Maggie is awarded a $1.8 million grant from the U.S. Department of Defense for her study “Develop Novel Podocyte Endoplasmic Reticulum (ER) Calcium Stabilizers to Treat Focal Segmental Glomerulosclerosis (FSGS).”
FSGS is the most common primary glomerulopathy leading to renal failure and disproportionately affects African-Americans, a highly represented population among military personnel and Veterans.
While it is known that podocyte ER stress plays an important role in the pathogenesis of FSGS, there is no treatment to date that targets podocyte ER. Currently, the mainstay of treatment for FSGS is immunosuppressant therapy that does not act on podocytes; in addition, these drugs do not halt disease progression in all patients and they have many adverse side effects.
The grant is based on our study published at PNAS 2019, we have demonstrated that the podocyte ER calcium release channel, type 2 ryanodine receptor (RyR2), underwent remodeling during ER stress, resulting in ER calcium leakage and cytosolic calcium elevation.
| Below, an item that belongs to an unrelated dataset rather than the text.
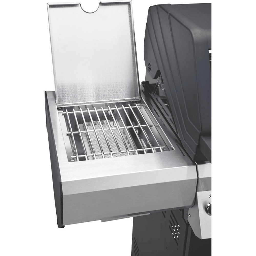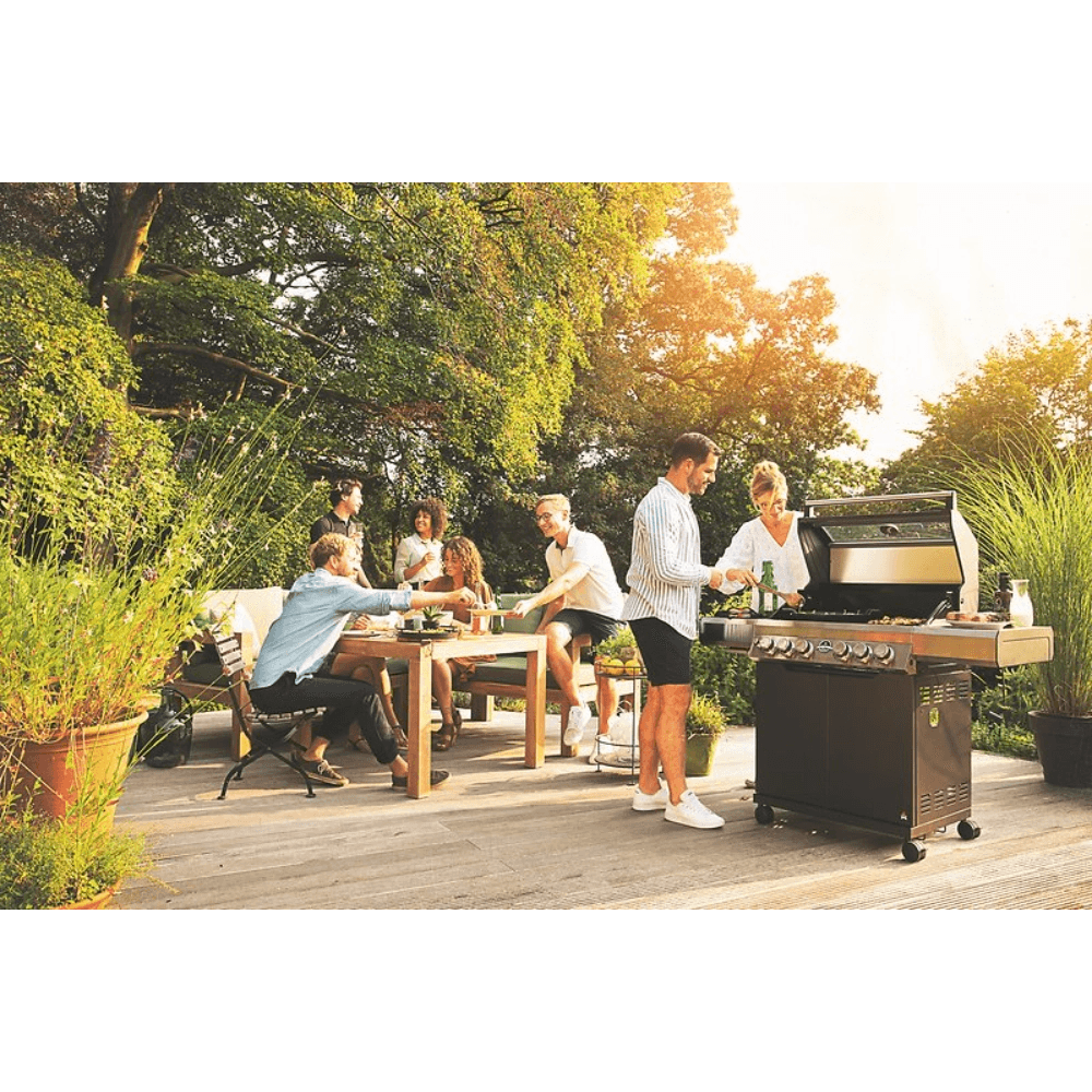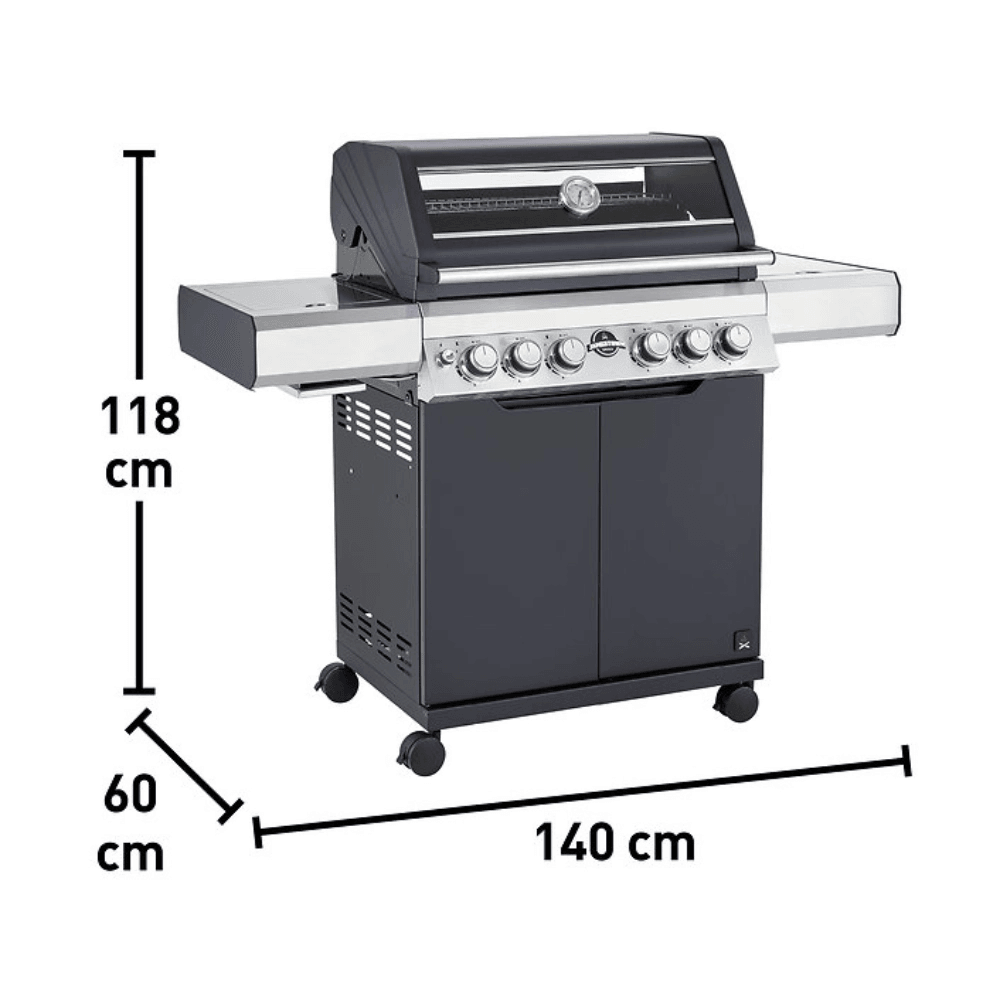 Na integrovaném bočním hořáku můžete během grilování připravovat lahodné přílohy nebo ohřívat omáčky. Integrovaný infračervený hořák Devil's Burner je to pravé pro opékání steaků. Dosahuje teploty až 800 °C, což znamená, že steaky jsou zvenčí křupavé a uvnitř zůstávají šťavnaté. Díky praktickým kolečkům snadno a rychle převezete plynový gril na požadované grilovací místo. Do prostorné spodní skříňky lze uložit plynové láhve. Další zajímavostí je 6 podsvícených ovládacích hlav.

The leaky RyR2 activated cytosolic protease calpain 2, which led to podocyte injury. Importantly, in collaboration with NIH/NCATS, they also identified a novel chemical compound (NCGC003844) that stabilized the podocyte ER RyR2.
The proposed therapies are pioneering ‘proof-of-concept’ studies that could lead to a significant leap forward in the treatment of military personnel.